The University of Oxford has launched Phase 1 trials for its Bundibugyo Ebola vaccine candidate. The Serum Institute of India has manufactured 620,000 doses to support the initiative. This development matters for vaccine preparedness against emerging viral threats.
The University of Oxford has begun human testing for a new vaccine candidate, ChAdOx1 BDBV, designed to target the Bundibugyo Ebola virus. This Phase 1 trial involves 50 healthy volunteers aged 18 to 55 and is the first time a vaccine for this specific strain of the virus has entered human clinical evaluation.

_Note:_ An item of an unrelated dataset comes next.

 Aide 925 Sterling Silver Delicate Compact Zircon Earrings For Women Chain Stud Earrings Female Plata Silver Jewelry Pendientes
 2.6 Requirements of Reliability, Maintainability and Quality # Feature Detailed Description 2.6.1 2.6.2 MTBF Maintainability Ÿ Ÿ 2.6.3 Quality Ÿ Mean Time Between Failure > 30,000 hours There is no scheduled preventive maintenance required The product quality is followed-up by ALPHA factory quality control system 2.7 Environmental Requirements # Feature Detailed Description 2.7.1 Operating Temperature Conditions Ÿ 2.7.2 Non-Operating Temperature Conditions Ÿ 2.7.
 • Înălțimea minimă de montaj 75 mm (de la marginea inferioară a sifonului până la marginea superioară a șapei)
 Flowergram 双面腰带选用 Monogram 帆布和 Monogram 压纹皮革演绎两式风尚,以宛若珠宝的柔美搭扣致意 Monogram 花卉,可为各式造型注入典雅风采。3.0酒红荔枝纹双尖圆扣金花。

The vaccine uses viral vector technology, which is the same platform behind the Oxford/AstraZeneca COVID-19 vaccine. By building on this established technology, researchers aim to accelerate the development timeline. The Serum Institute of India (SII) has played a key role in the production process by manufacturing approximately 620,000 doses. While 4,000 doses are currently designated for the clinical trial, the remaining stockpile is maintained to allow for a rapid response if the vaccine passes its safety and effectiveness tests.

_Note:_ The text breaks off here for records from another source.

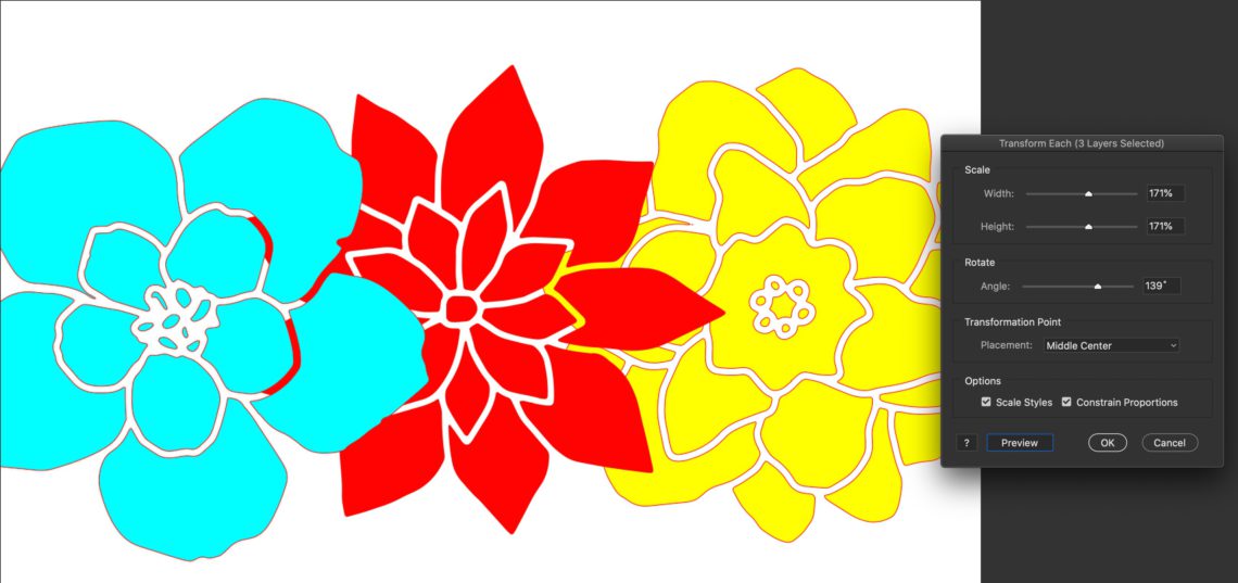 In Photoshop geht das nicht mit Bordmitteln. Wenn Ihr nach der Ebenenauswahl »Frei transformieren« aufruft, könnt Ihr damit nur alle Ebenen wie eine feste Einheit skalieren oder drehen. Abhilfe schafft hier ein kostenloses Script, das Ihr hier herunterladen könnt: Transform Each 2.1 Update. Über »Datei > Skripten > Durchsuchen« ruft Ihr dann nach der Ebenenauswahl das Skript auf. Im Dialog könnt Ihr die Skalierung und den Drehwinkel bestimmen. Um den Effekt zu sehen, müsst Ihr leider nach jeder Änderung auf »Preview« klicken. Das Skript ist schon etwas älter, funktioniert aber auch in Photoshop 2020. Photoshop CS5 und Photoshop CS6 werden ebenfalls unterstützt.
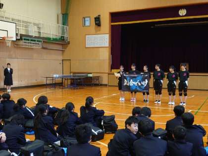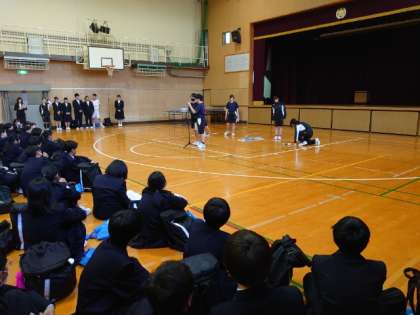 実際の練習風景を演じるクラブが多いようです。先輩方はちょっぴり緊張しながらも、好プレーを披露してくれました。普段の練習の賜物です。
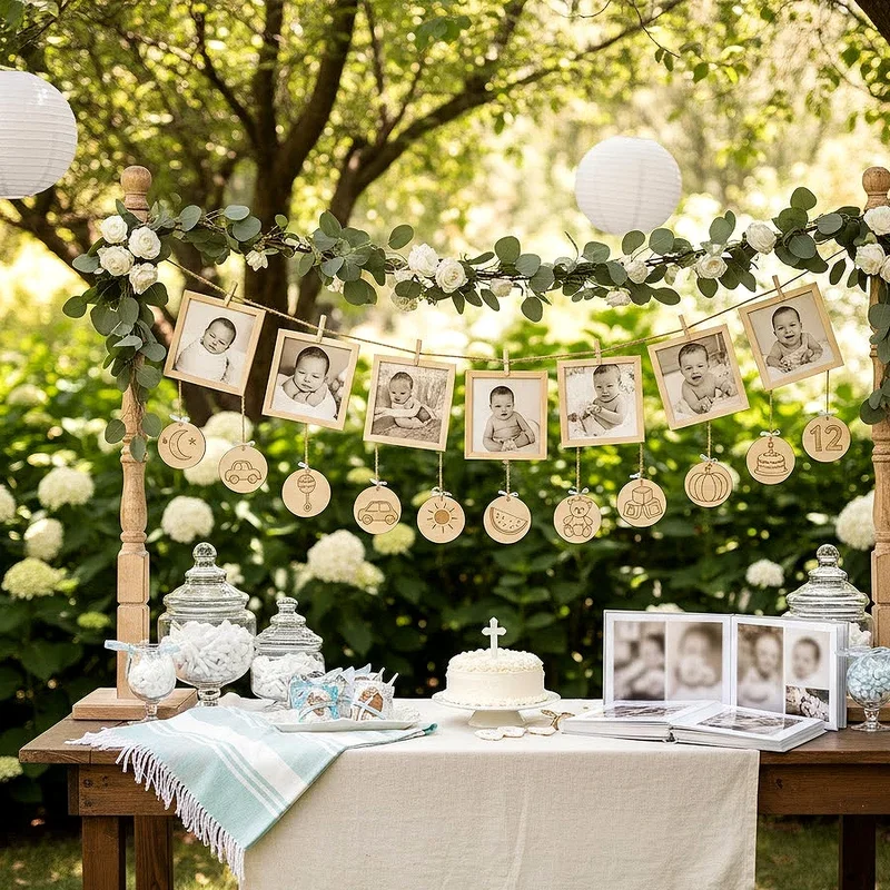 Celebrate the journey that led to this sacred milestone by creating a visual timeline showcasing your baby's growth from birth to baptism day. Arrange photos chronologically along a decorated wall or board, including ultrasound images, first smiles, and special family moments highlighting the blessing this child has been. Add captions describing milestones like "First time holding mommy's finger" or "Meeting grandparents," creating a narrative that draws guests into your family's story. Include meaningful objects such as the baby's hospital bracelet, a lock of hair, or their first outfit in shadow boxes positioned along the timeline. This display becomes a wonderful conversation starter, especially for distant relatives who haven't witnessed every precious moment. Guests will appreciate seeing how your little one has grown, and the timeline serves as a beautiful reminder of God's continuous blessings.
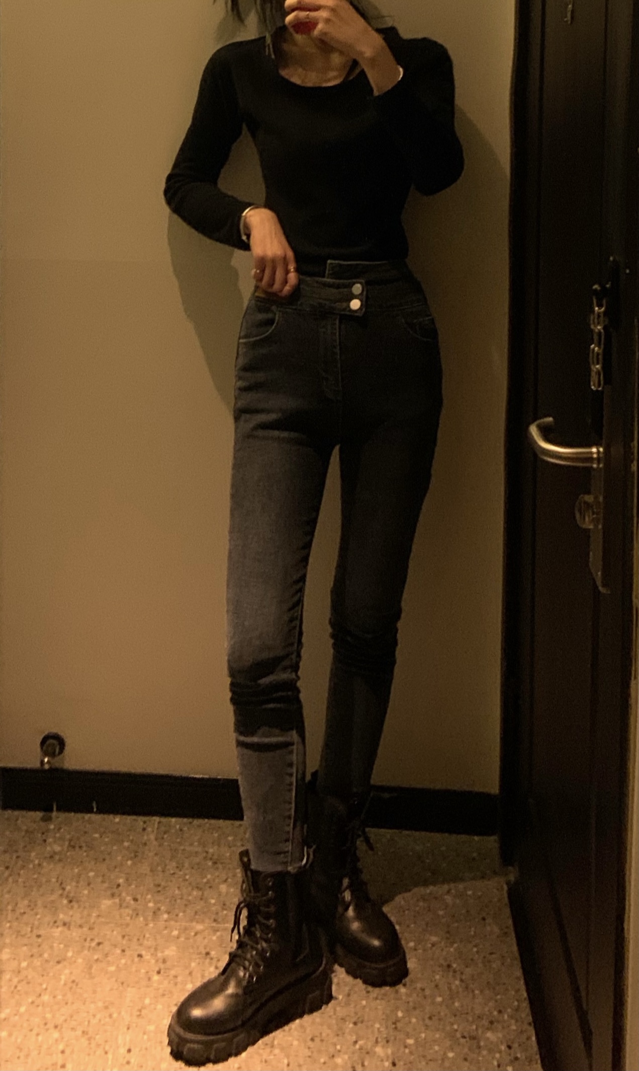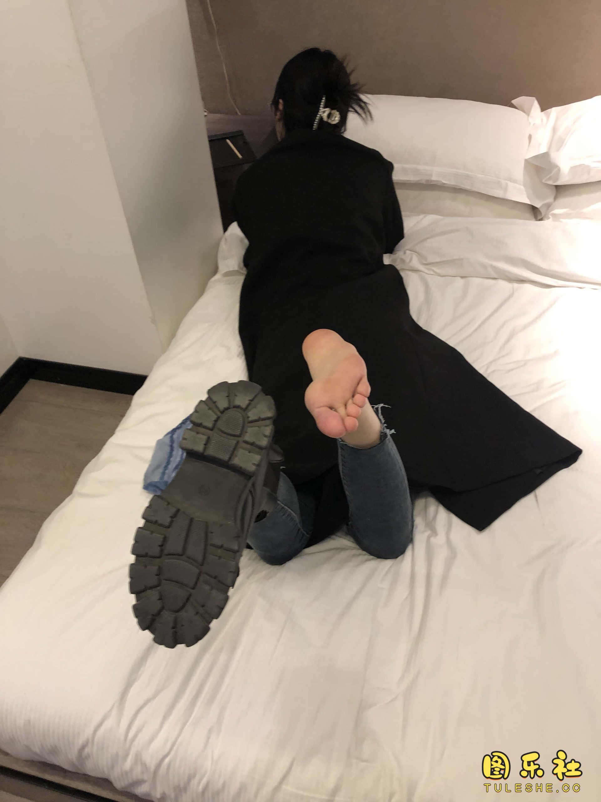 [本足摄影]模特女神 牛仔裤黑靴裸足

The Bundibugyo Ebola virus is considered a major health concern, as it is responsible for the third-largest Ebola outbreak ever recorded. The financial support for this project comes from the Coalition for Epidemic Preparedness Innovations (CEPI), which has provided $8.6 million to move the candidate from research to the testing stage.
For the Serum Institute of India, this project demonstrates its ongoing role in global vaccine manufacturing partnerships, particularly for large-scale production of experimental vaccines. Investors and observers often look at such partnerships as a indicator of a company’s operational capacity to handle complex, large-scale medical manufacturing, although the commercial viability of such vaccines typically depends on international health agency contracts and emergency procurement needs. The next phase for the project will be to review data from these initial 50 participants to determine safety and the immune response generated by the vaccine.